That's one way of putting it. Ballmer certainly has not only opposed but laughed at the move to handsets. But the trouble goes deeper still - to the very heart of what's wrong with Microsoft.

Microsoft are the bullies of the Wild West of software engineering for personal computing. They really didn't have a clue in the beginning. Gates and Paul Allen decided to take a chance on the Altair and set up shop in Albuquerque atop a cathouse after dropping out of Harvard. Gates got a flashy new sports car to race about town - got it from his father. Self-made indeed. Allen got a gig with the Altair people; Gates stayed in the offices upstairs from the brothel. They'd contributed code for a BASIC interpreter to be used with the Altair.

Microsoft later moved to a high rise in Seattle. They were approached by secretive representatives of IBM who were looking for an operating system for a coming replacement for the industry standard CP/M architecture. Gates fancied himself as the provider of development tools, not operating systems. He sent the IBM guys to meet Gary Kildall. Things didn't work out with Kildall, so Gates promised IBM he'd look around for an operating system.

Gates found the operating system in one Tim Paterson who'd cross-assembled something he called 'Quick and Dirty Operating System' for the Intel 8086 processor, a fully 16-bit CPU with both 16-bit registers and 16-bit buses. Gates made Paterson a deal. Paterson had such great ideas for his unfinished OS, many of which were later incorporated into the DR-DOS taken over by Novell, things like multiple users, secure user accounts, and multitasking. But Gates wasn't interested in that.

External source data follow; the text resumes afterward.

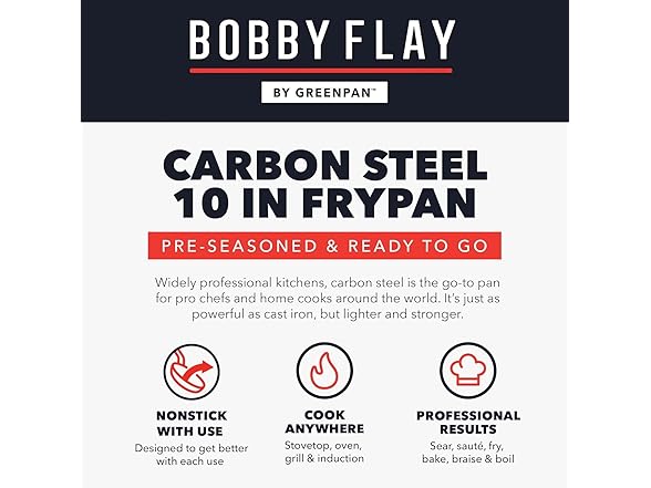 - BOBBY FLAY X GREENPAN: Chef Bobby Flay, known for his love of carbon steel cooking, has teamed up with GreenPan to create an innovative collection for pro-level home cooking.
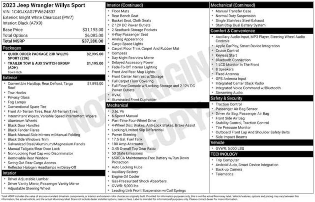 240 Amp Alternator, 3.45 Overall Top Gear Ratio, 4-Wheel Disc Brakes, 4-Wheel Drive Swing Gate Decal, 7 & 4 Pin Wiring Harness, 700 Amp Maintenance Free Battery, 8 Speakers, ABS brakes, AM/FM radio, Anti-Spin Differential Rear Axle, Apple CarPlay, Apple CarPlay/Android Auto, Auxiliary Battery, Auxiliary Switches, Black 3-Piece Hard Top, Black Grille, Brake assist, Class II Receiver Hitch, Cloth Low-Back Bucket Seats, Compass, Deep Tint Sunscreen Windows, Delay-off headlights, Driver door bin, Driver vanity mirror, Dual front impact airbags, Dual front side impact airbags, Electronic Stability Control, Emergency communication system: SiriusXM Guardian, Engine Oil Cooler, Freedom Panel Storage Bag, Front anti-roll bar, Front Bucket Seats, Front Center Armrest w/Storage, Front fog lights, Front reading lights, Google Android Auto, GPS Antenna Input, Integrated Center Stack Radio, Integrated roll-over protection, Integrated Voice Command w/Bluetooth, Low tire pressure warning, Mold In Color Bumper w/Gloss Black, MOPAR All-Weather Floor Mats, No Soft Top, Non-Locking Fuel Cap w/o Discriminator, Normal Duty Suspension, Occupant sensing airbag, Outside temperature display, ParkView Rear Back-Up Camera, Passenger door bin, Passenger vanity mirror, Power steering, Quick Order Package 23K Willys Sport, Radio data system, Radio: Uconnect 4 w/7 Display, Rear anti-roll bar, Rear reading lights, Rear Window Defroster, Rear Window Wiper/Washer, Speed control, Start-Stop Dual Battery System, Steering wheel mounted audio controls, Tachometer, Telescoping steering wheel, Tilt steering wheel, Traction control, Trailer Tow & Aux Switch Group, Trip computer, USB Host Flip, Variably intermittent wipers, Wheels: 17 x 7.5 Black Aluminum, Wheels: 17 x 7.5 Black Steel Styled, Wheels: 17 x 7.5 Moab Black Aluminum (DISC), Willys, Willys Hood Decal.
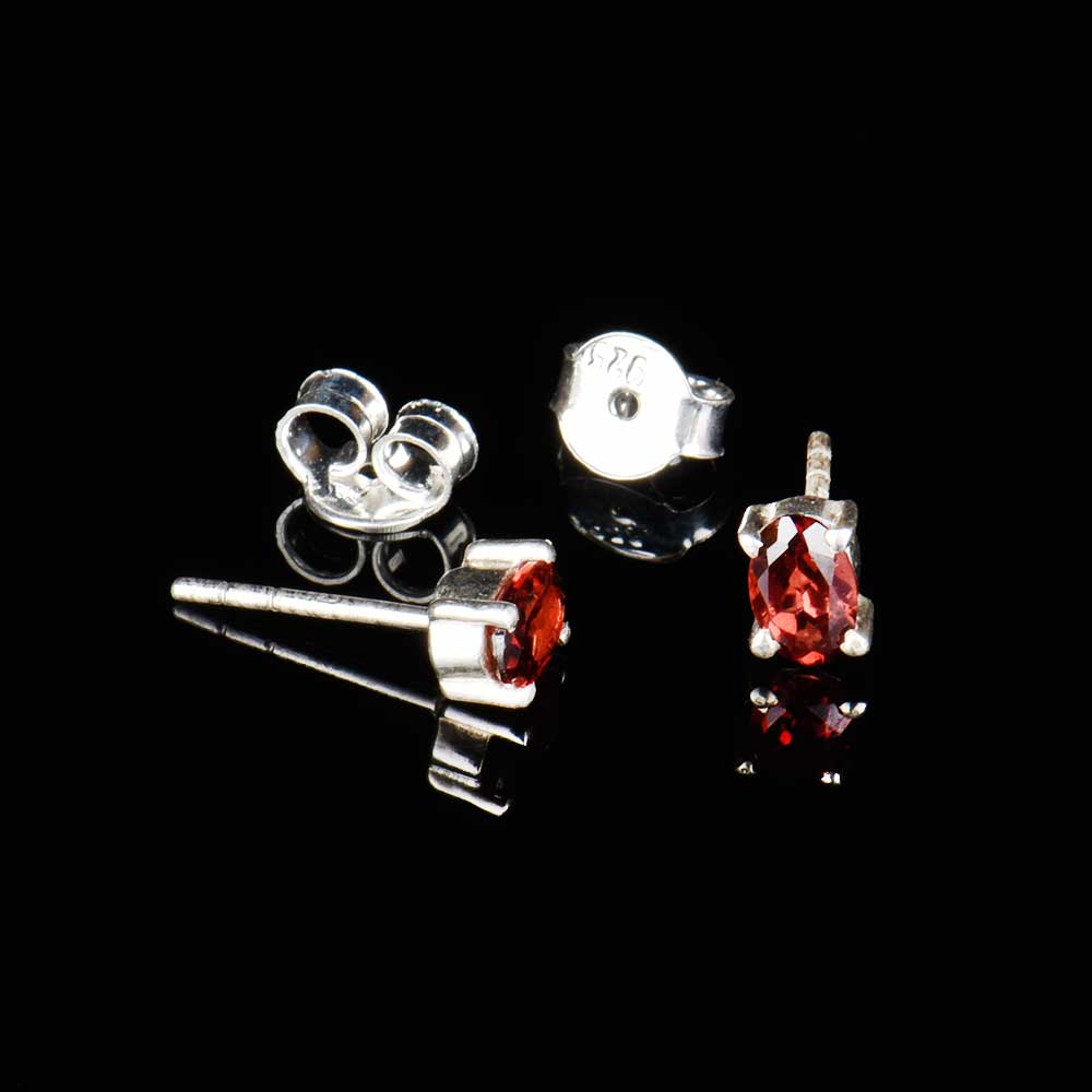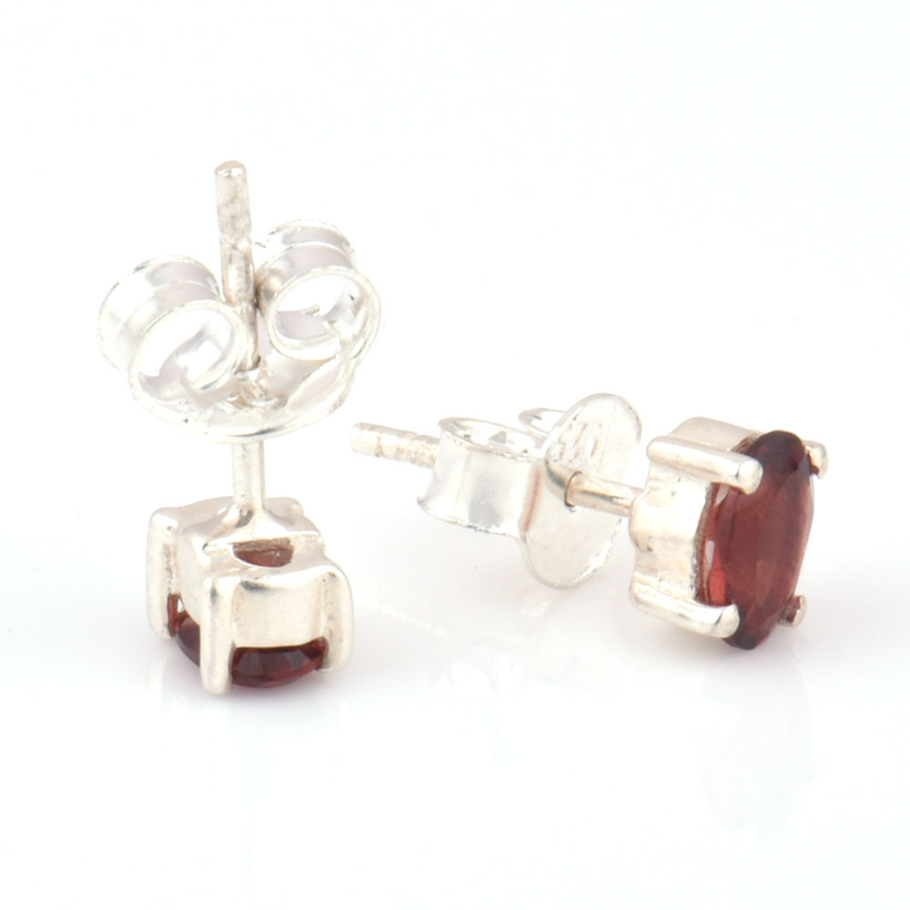 • 92.5 Sterling Silver Earrings Oval Garnet Gemstone Stud Earrings

He told Paterson he had a small time client who wanted the system and was prepared to pay $50,000 for it 'as is'. Paterson took the bait, only to find out later who that client was: IBM. And so Paterson sued Gates, and Gates settled out of court for $400,000 and a position at 'MicroSoft'.

Gates was a lucky bastard. He somehow got IBM to agree to a nonexclusive agreement which gave Gates the right to continue to use Paterson's code on his own. This is where the money came from. The funny thing is that a lot of the early Microsoft ads said 'after all, we wrote the operating system' when of course they'd done nothing of the kind. The world was only beginning to learn how Gates and his company were going to bully the burgeoning PC software industry.

And everything was hunky-dory until Comdex 1983 when Gates was upstaged by VisiCorp who showed off a graphical user interface for the IBM PC. Gates pulled off one of the biggest bluffs of his career, heckling the VisiCorp demo and closing his own MicroSoft exhibit 'in protest' at the 'unethical' VisiCorp who dared show a product that wasn't at all ready for market. For he, Bill Gates, had a similar product under development at MicroSoft, and they'd come a lot further than VisiCorp, but they certainly weren't going to pester the market until they were ready to release their product.

And Gates, in a flurry, returned to Seattle where he called an emergency board meeting to tell the directors of the threat he'd seen at Comdex. And Windows was born.

What puzzled the pundits was why it took Microsoft so long to get their Windows to market when they'd been in development since way before 1983. The simple truth was that the Windows project began after Comdex, not before it. Finally released in December 1985 to less than rave reviews, Windows 1.02 was an abortion. Ballmer's infamous 'used car salesman' ad, probably more of a joke than a serious promo, has gone to history because it shows how ridiculous the Microsoft product was.

The graphical user interface wasn't very graphical. Instead of a file manager, they had what they called the 'MS-DOS Executive'. Windows that came up on screen could not be moved about: the hapless Microsoft engineers still hadn't mastered the art of 'bit blitting' or bit block transfers. Microsoft APIs later had a window attribute for windows capable of moving - something they called 'overlapping windows'. The attribute was gradually given the value zero (making it meaningless) as the engineers caught up.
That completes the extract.